East packages count: 216
West packages count: 217
Only in east: {'_weakrefset', 'chardet'}
Only in west: {'_datetime', 'stringprep', 'cgitb'}
mhart commented 4 years ago

@bclodius you've pulled the latest build image? It should have this sha: https://hub.docker.com/layers/lambci/lambda/build-python3.7/images/sha256-e9046d2e685c9684cd5c1cc5eed078351042176c2a0fc7f73fe5bf487876ac3e

bclodius commented 4 years ago

@mhart my comment was more around the fact that AWS still has issue in some of their accounts so I captured the environment directly from AWS console. I can help test your image though in short term.

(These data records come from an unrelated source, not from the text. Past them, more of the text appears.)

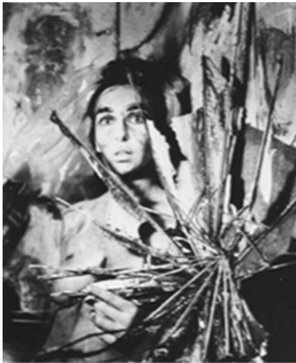
Carolee Schneemann. Eye Body Portfolio . 1963/2005. Eighteen gelatin silver prints. 24 x 20" (61 x 51 cm) each. Gift of the Artist
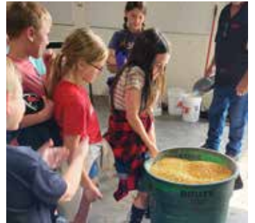
Students were able to try to get a pair of work boots out of corn with a rope tied around! The corn creates so much pressure!
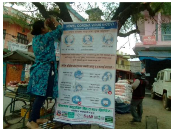
Supported to Binaye Triveni RMP
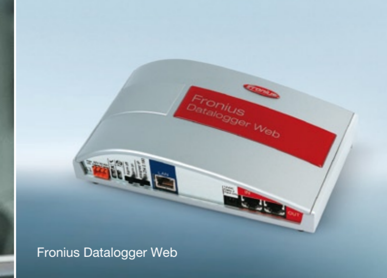
Fronius Datalogger Web
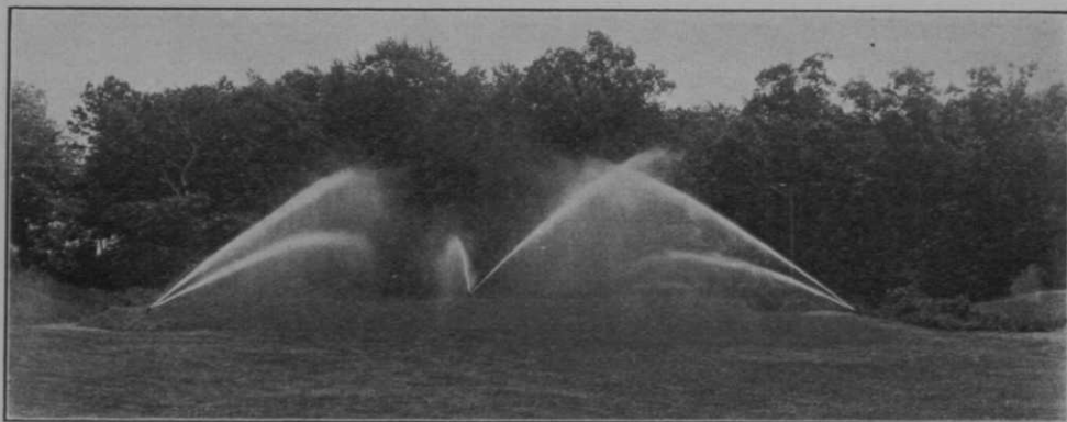
A well-watered green at Cascade Hills Country Club. Three automatic sprinklers do the job.

wells in that vicinity. The Pomonok system is complete, including automatic concealed tee sprinklers under individual control, with fairway hose system and snap valve outlets for the greens. This system required 15,170 feet of 2, 4, 6 and 8 inch cast iron pipe, 118 snap valve outlets, and 26 concealed tee sprinklers, all at a cost of $23,692.00. The hose, sprinklers, and couplers cost $1,020.00, the pump-house structure $2,750.00, while the booster pumping plant with automatic control cost $4,102.00, or a grand total for the entire construction of $31,564.00 including all
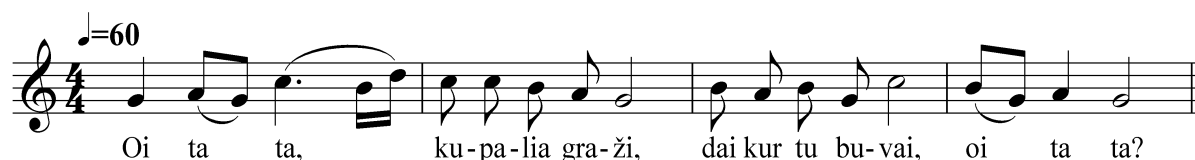
Figure 10: Crop visiting – Joninės song ‘Oi ta ta, kupalia graži’ (Barauskienė, Kazlauskienė and Uginčius (1962, 242 and 681)).

At the kupolė pole. Keywords: kupolė , rounding up. Songs and roundelays with references to kupolė are used. For example, ‘Oi ta ta, kupalia graži’ (Fig. 10): “Oi ta ta, beautiful kupolė, where were you? I was in a field to look after rye. Whose rye is the finest? Jonas’ rye is the finest...”; ‘Kupolio rože’: “Kupolė the rose, where were you, Jonas? In a rye field. What did you do? I picked kupoliai...”. 23
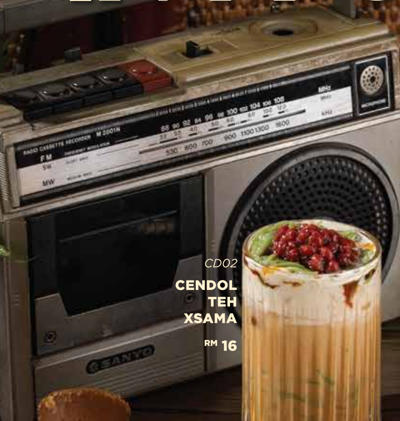
CD02 CENDOL TEH XSAMA RM 16
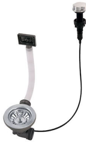
Automatic waste fitting
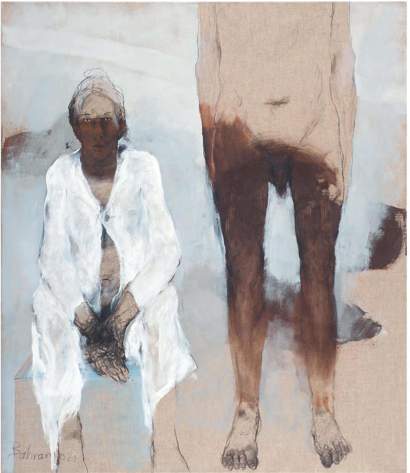
Untitled | 2021 | mixedmedia/canvas | 140 cm x 120 cm
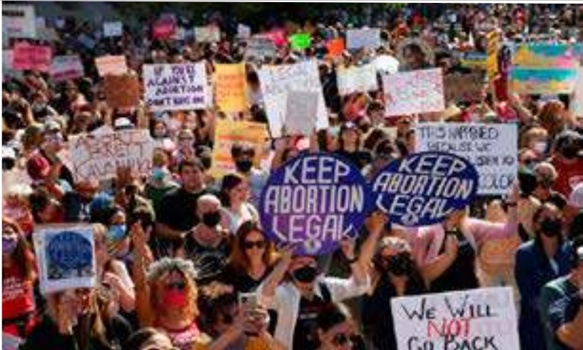
Supporters of reproductive choice take part in the nationwide Women's March, held after Texas rolled out a near-total ban on abortion procedures and access to abortion-inducing medications, in New York City, New York
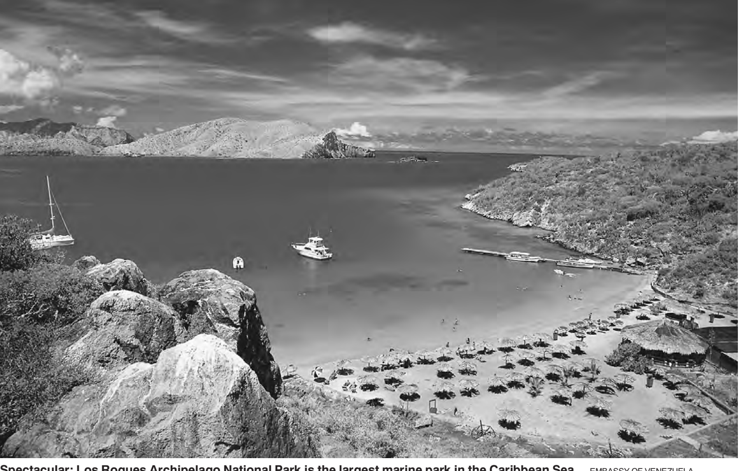
Spectacular: Los Roques Archipelago National Park is the largest marine park in the Caribbean Sea.

Finally, I would like to reiterate our warmest felicita tions on this historic day and to assure all our Venezuelan friends that the Japan-Venezuela Association will continue to contribute to the strengthening of our bilateral relationship.
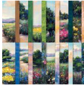
Meandering Meadows 6" X 6" (15.2 X 15.2 Cm) Designer Series Paper
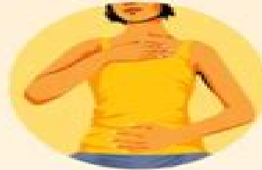
Anxiety relief meditation
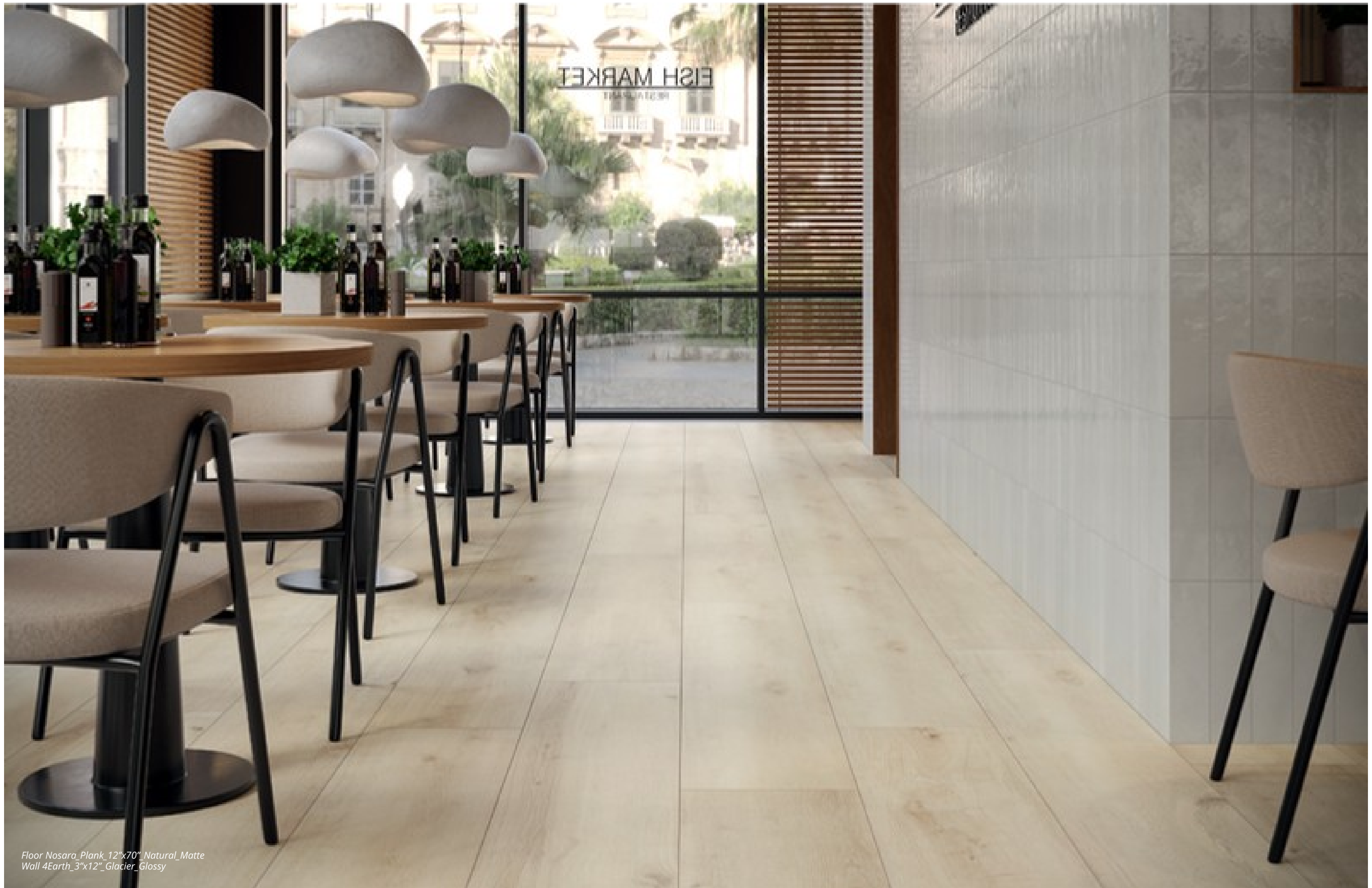
Floor Nosara_Plank_12"x70" Natural_Matte Wall 4Earth_3"x12" Glacier_Glossy
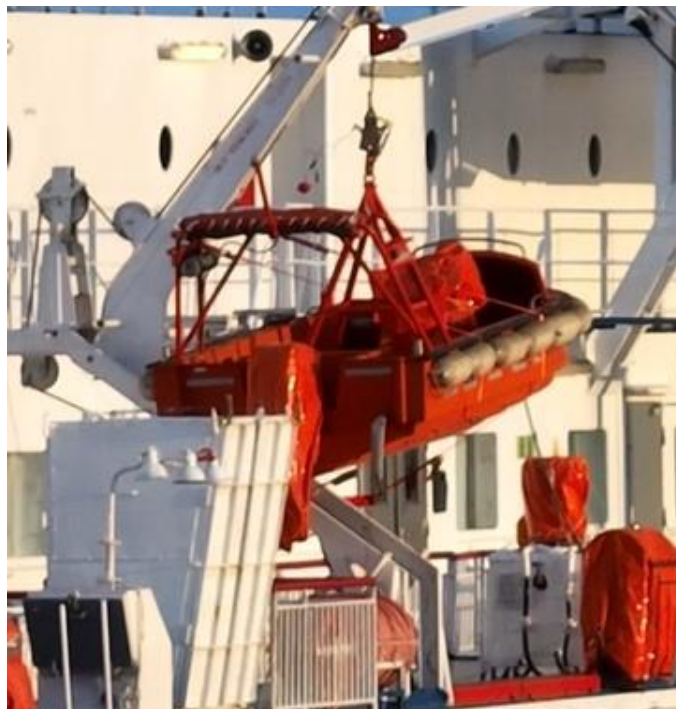
Figure 1; Inspection of lifeboats and equipment
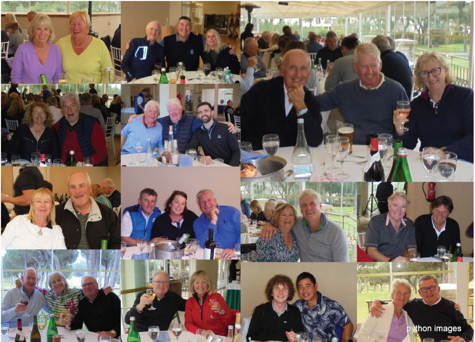
Captain's Drive In Lunch

mhart commented 4 years ago

Ah, gotcha. Gonna close this as fixed by https://github.com/lambci/docker-lambda/commit/e69aa8b1f5ed85938e2be61db0ed9f574e17dd58

bclodius commented 4 years ago

@mhart Just circling back; I tested latest image and it did isolate me from the errors introduced on AWS side.

Thanks for the very quick follow up, discussion, and solution.

A known side effect of this is that the code zip is a little bit larger; but a small price to pay to isolate ourselves from environmental inconsistencies.

Cheers 🥂